On the flip side, we can train our local educated youth to carry out pandemic awareness programmes. It would not take a long time to prepare a few young people for this purpose. In a single day, we can train hundreds of young people and use them the next day.

Some may argue that there is still no indication of community transmission, why is there a need for communitization? The simple response to the question is that we need it to avoid community transmission, which, if ever happened, cannot be managed by the current health care system.  If the principle of ‘prevention is better than cure is correct, ‘communitization is the right approach.

Coming back to the main point and emphasizing the need for careful categorization of returnees and quarantine centres, those who have not yet been tested must be placed in institutionalized quarantine centres until they have been tested or for 14 days (incubation period). All that have tested positive or are COVID-19 patients would need to be referred to hospitals fitted with a COVID care centre.

Based on what we know about the virus so far, some of the COVID-positives do not exhibit any signs. They are risky since these asymptomatic can spread the virus to others. Therefore, asymptomatic and mild cases should be quarantined separately. Of these, there could be patients with life-threatening symptoms that cannot be treated in quarantine centres. They should preferably be taken to a hospital with a COVID treatment facility.

If we are fighting this way, we can reduce the amount of money spent by the state on this. The amount of money thus spared can be used for other essential things like buying ventilators, PPE or other COVID fighting equipment.
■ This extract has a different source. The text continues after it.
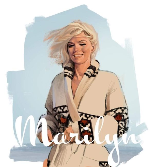 French artist Olivier Coulon took inspiration from one of Marilyn’s last shoots, with photographer George Barris on Santa Monica Beach in July 1962.

Often we have seen all the inmates in the government run quarantine centres are complaining against the government, forgetting what they can do for themselves or the state. If the communitization programs started, they would become more responsible.

Finally, we can recall the Marxist tenet ‘from each according to his ability, to each according to his needs.  I remember it here because the essence of communism can be found in communitization as both ideas are based on the notion of mutual sharing of human suffering. The above mantra is the only mantra that we can sing while we’re fighting COVID. And if we continue to fight the COVID this way, not only can we tame the virus, the post-COVID society will also be qualitatively different and more progressive than the pre-COVID one.